Page 10 of Tell Me Where It Ends
“I didn’t know any of that,” I whisper.
“You never ask,” he says. Two words landing like a ten-ton truck. He’s right. I’ve been the sun in our orbit for eight years, never once asking about his planets. Shame burns hot.
He clears his throat. “Anyway. That’s me.”
We sit in silence, no longer heavy but gentle. Outside, the pre-dawn sky stretches pale blue. Time feels suspended.
Part of me wants to stay like this.
Part of me wants to run.
Part of me is still thinking about Suho.
My phone buzzes on the cushion—a missed call, then a text. I glance at Shin. He isn’t looking. I angle my body, shielding the screen out of pure guilt.
Still here. Five more minutes, then I’m gone.
Suho has been waiting the whole time.
But while Suho demands, Shin adapts. He gives me a small, unreadable smile, quietly unfolding a blanket to set up his sofa bed, ready to stand guard over my disastrous life for one more night.
What do I do?
?Stay here with Shin.
Turn to page 58
?Sneak out to meet Suho before he leaves.
Turn to page 40
?Clear my head and go for a walk. Alone.
Turn to page 48
4b
My Lover, Kim Suho
My fingers type before my brain can object.
I’ll be there in a few minutes,I write, and press send.
The stupid, stubborn, nostalgic part of me—the part that still thinks a grand gesture can fix a train wreck—takes over.
Maybe it’s foolish. Maybe it’s just another way to end my career (as if I haven’t already racked up a few). But my life has always been a highlight reel of things left unsaid, and I’m not adding this to the collection.
A single thought cuts through the haze: Shin.
I hesitate. He deserves honesty. He deserves more than this. But if I tell him, he’ll try to stop me. He’ll look at me with that quiet, disappointedexpression that’s worse than yelling. And I can’t face that look while chasing a ghost.

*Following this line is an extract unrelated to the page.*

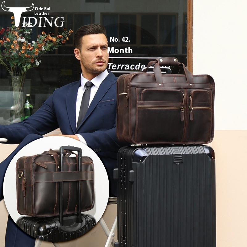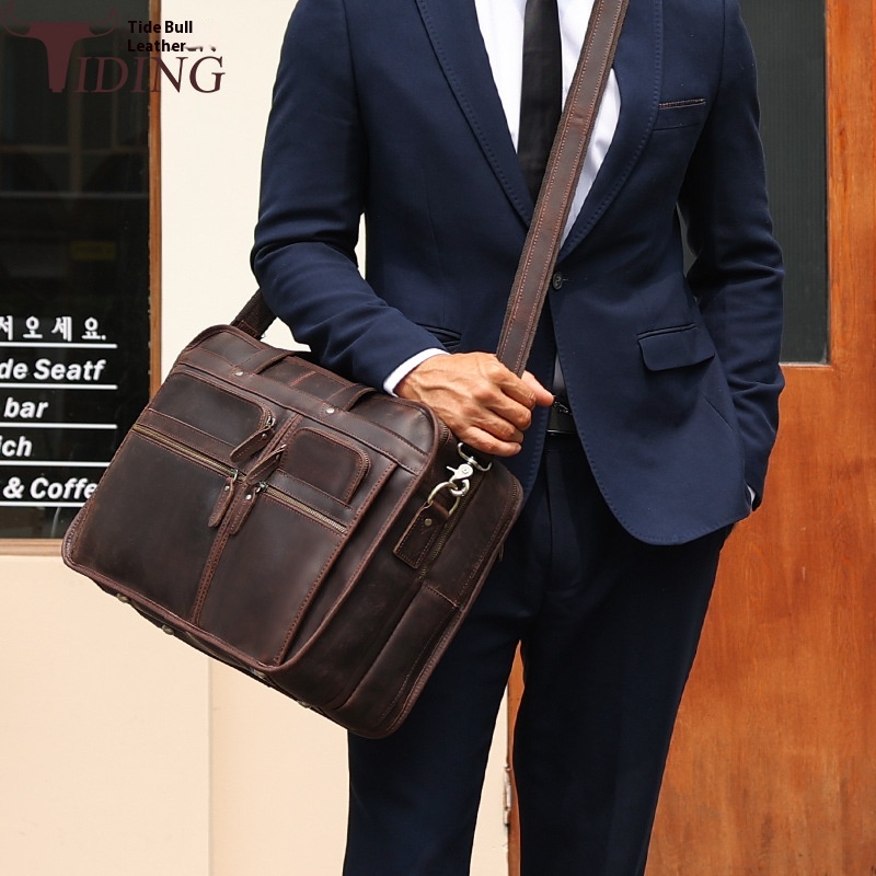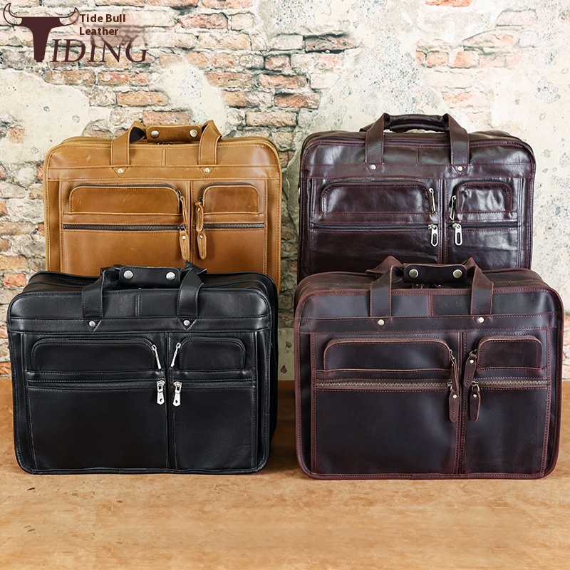 Y Cow Leather Goods Genuine Leather Business Briefcase First Layer Cowhide Men's17-inch Laptop Bag Crazy Horse Leather Shoulder Bag

If I wait one more second, I’ll lose my nerve. So I leave without a word and switch off my phone. I’ll deal with the fallout later—the family motto, in practice.
The hallway stretches endlessly, too still, each step echoing like a drumbeat of bad decisions. I tug a cap low, mask my face, shove my hands deep into my coat pockets. My legs feel like wobbly rubber, but I walk faster anyway, ignoring the dull ache in my throat.
By the time I reach the parking garage, it’s a concrete cavern—cold, empty, smelling of rubber and oil.
And there he is. Leaning against his black SUV, looking impossibly calm, as if he’s stepped straight out of a movie I should’ve stopped rewatching years ago.